Hello cyt91 Originally Posted by

**cyt91** A particle moves along the +ve x-axis. At time t seconds after leaving a fixed point O from rest, the displacement of the particle from O is

*x* cm.

The acceleration,

*a* cm s^(-2) of the particle is defined by

*a* = { 5 - 3

*t* , 0 <=

*t* <= 1

-(4

*x*+1),

*t*>1

Find

(a) the maximum velocity of the particle and its distance from O when this happens

(b) the speed of the particle when x = 2.5

The acceleration of the particle is defined as a piece-wise function.

Forgive me for the rather unclear mathematical expressions. I'm new here and still learning the ropes of LATEX.

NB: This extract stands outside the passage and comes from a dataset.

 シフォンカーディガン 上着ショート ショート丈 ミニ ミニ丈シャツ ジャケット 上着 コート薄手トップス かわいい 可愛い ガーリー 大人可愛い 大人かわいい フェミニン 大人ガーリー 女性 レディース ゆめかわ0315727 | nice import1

Btw, I calculated the maximum velocity to be 0.5 cm per second at distance 0.25 cm from O.

But the answer given is 3.5 cm per second at distance 2 cm from O.

Need help for both (a) and (b) !

Thank you!

(a) For $\displaystyle 0\le t \le 1$, we have:$\displaystyle a = \frac{dv}{dt}=5-3t$

For $\displaystyle 0\le t \le 1, a > 0$. So the particle's speed is increasing during this phase.

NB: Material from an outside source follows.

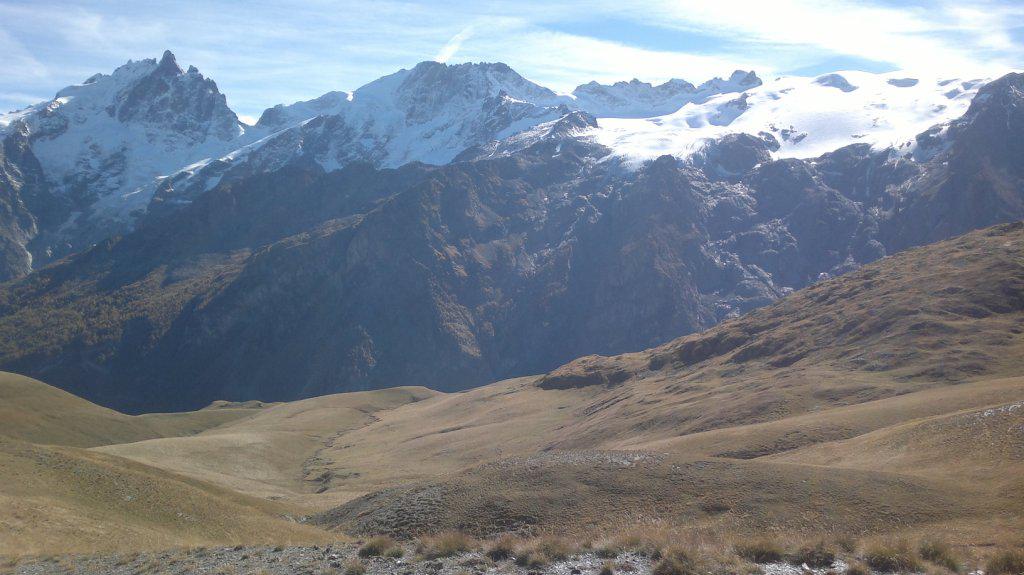 Si arriva quindi al Col St. Georges, nella zona di Chalet Favre (2245 m) e il panorama si spalanca verso i ghiacciai della Mejie, i monoliti rocciosi delle Aiguilles d’Arves e l’immensa conca di prati che appare davanti.

Then:$\displaystyle \frac{dv}{dt}=5-3t$

$\displaystyle \Rightarrow v = 5t-\tfrac32t^2 + c$

$\displaystyle v(0) = 0 \Rightarrow c = 0$

$\displaystyle \Rightarrow v = 5t-\tfrac32t^2$

$\displaystyle \Rightarrow v(1) = 5 -\tfrac32 = \tfrac72$

Then, writing $\displaystyle v$ as $\displaystyle \frac{dx}{dt}$:$\displaystyle \frac{dx}{dt}=5t-\tfrac32t^2$

$\displaystyle \Rightarrow x = \tfrac52t^2 -\tfrac12t^3 + c$

$\displaystyle x(0) = 0 \Rightarrow c = 0$

$\displaystyle \Rightarrow x = \tfrac52t^2 -\tfrac12t^3$

$\displaystyle \Rightarrow x(1) = 2$

Then for $\displaystyle t > 1$ and $\displaystyle x>0$, $\displaystyle a = -(4x+1) <0$. Hence the maximum positive velocity occurs at when $\displaystyle t = 1$; i.e. the maximum velocity is $\displaystyle 3.5$ cm/sec when $\displaystyle x = 2$ cm.

(b)

$\displaystyle a = v\frac{dv}{dx}= -(4x+1)$

$\displaystyle \Rightarrow \tfrac12v^2 = -2x^2-x + c$

When $\displaystyle x = 2,\; v = \tfrac72$$\displaystyle \Rightarrow \frac{49}{8}= -8-2+c$

$\displaystyle \Rightarrow c = \frac{129}{8}$

$\displaystyle \Rightarrow \tfrac12v^2 = -2x^2-x+\frac{129}{8}$

When $\displaystyle x = 2.5$:$\displaystyle \tfrac12v^2 = -\frac{25}{2}-\frac{5}{2}+\frac{129}{8}$$\displaystyle =\frac98$

So when $\displaystyle x = 2.5$ the speed is $\displaystyle \sqrt{\frac94}=1.5$ cm/sec.

Does that agree with the answer you've been given?

Grandad